Ask HN: What do you do to get into the "Zone"... - nuitblanche

....and how much time does it take to get there ?
Also do you use specific apps or specific processes to recall what you have done before ?
======
oceanician
You have to remove ALL distractions. Set yourself a time to do email, twitter,
HN, return client phone calls, then put then phone to answer phone, and turn
everything else off. Especially that growl thing. Close all windows that arn't
for your immediate bit of work.

An exception to this might be if you work to music.
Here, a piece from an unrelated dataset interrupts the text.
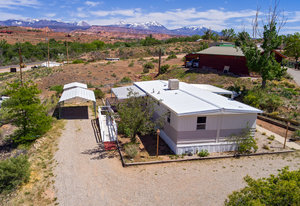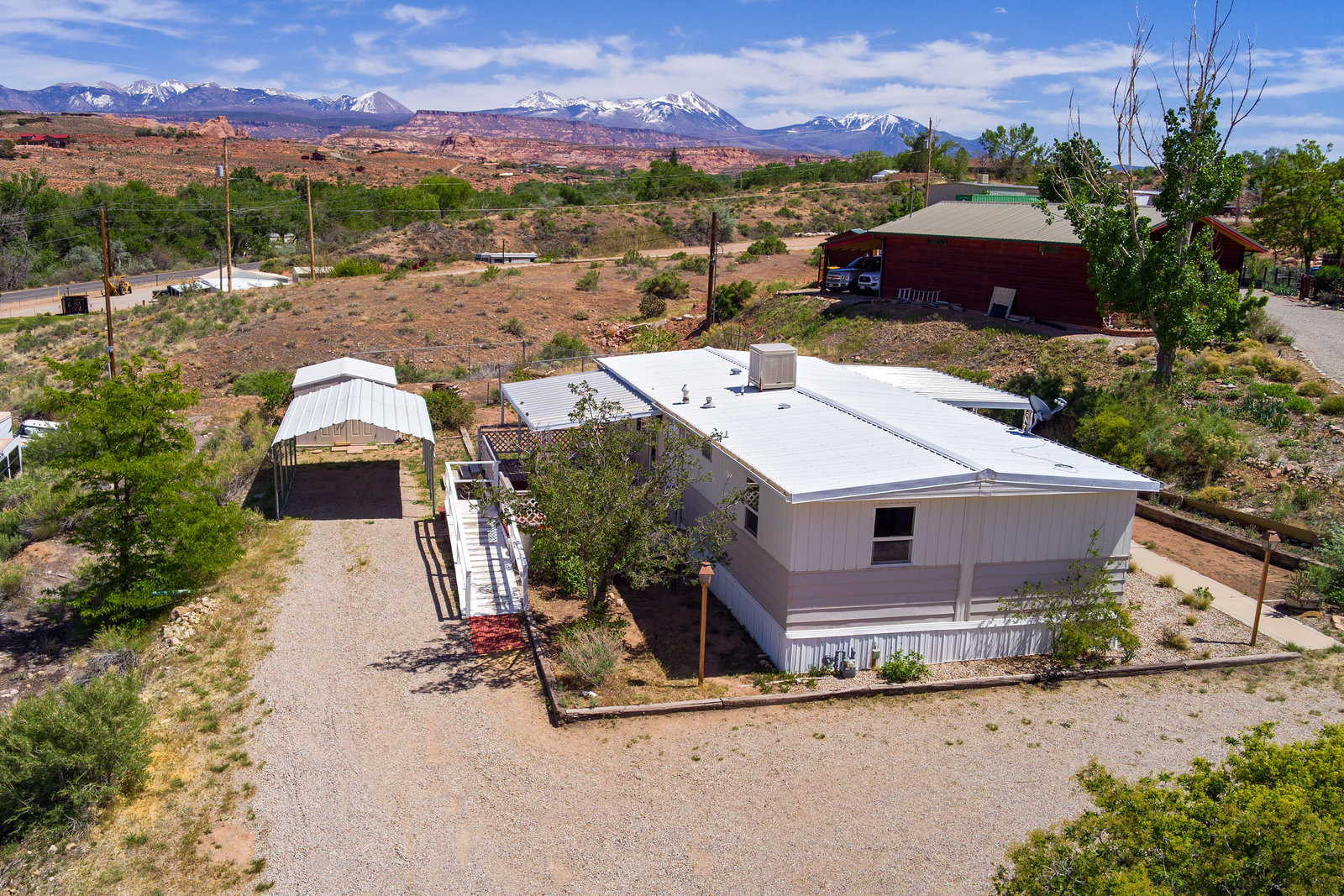 Welcome to your affordable retreat! The property will qualify for a conventional loan. Please contact listing agents for lender information. This cozy 2-bedroom, 1-bath home sits on a generous .53-acre lot, offering breathtaking views of the majestic La Sal Mountains. Perfectly positioned above the valley floor, this property provides a serene escape with two covered decks where you can relax and soak in the picturesque surroundings. Step inside to discover a welcoming atmosphere featuring a nice kitchen equipped with ample cupboard space and a gas range. This home is also set up for a pellet stove, ensuring warmth and comfort during the colder months. A sturdy shed provides space for your tools ...

Personally I find a low
volume, vocaless music, helps you not get distracted by minor noises like
doors slamming in other offices or traffic passing by.

You have to have at least an outline plan of what you want to produce
beforehand - not the HOW, but having done some research before your high
productivity time definitely helps. Basically, get stuff queued up.

I think it helps to know that your concentrated period will end. For some this
would be a 25 minute timer, but I think something more like 2 hours is best.
Maybe 11 til 1. Then go for lunch for an hour, then do another 2-4 session. I
think knowing you'll stop and being doing something else during a break,
concentrates your mind on the job in hand, and it knows you don't have to
worry about lifes other things at the same time, as you can do them later.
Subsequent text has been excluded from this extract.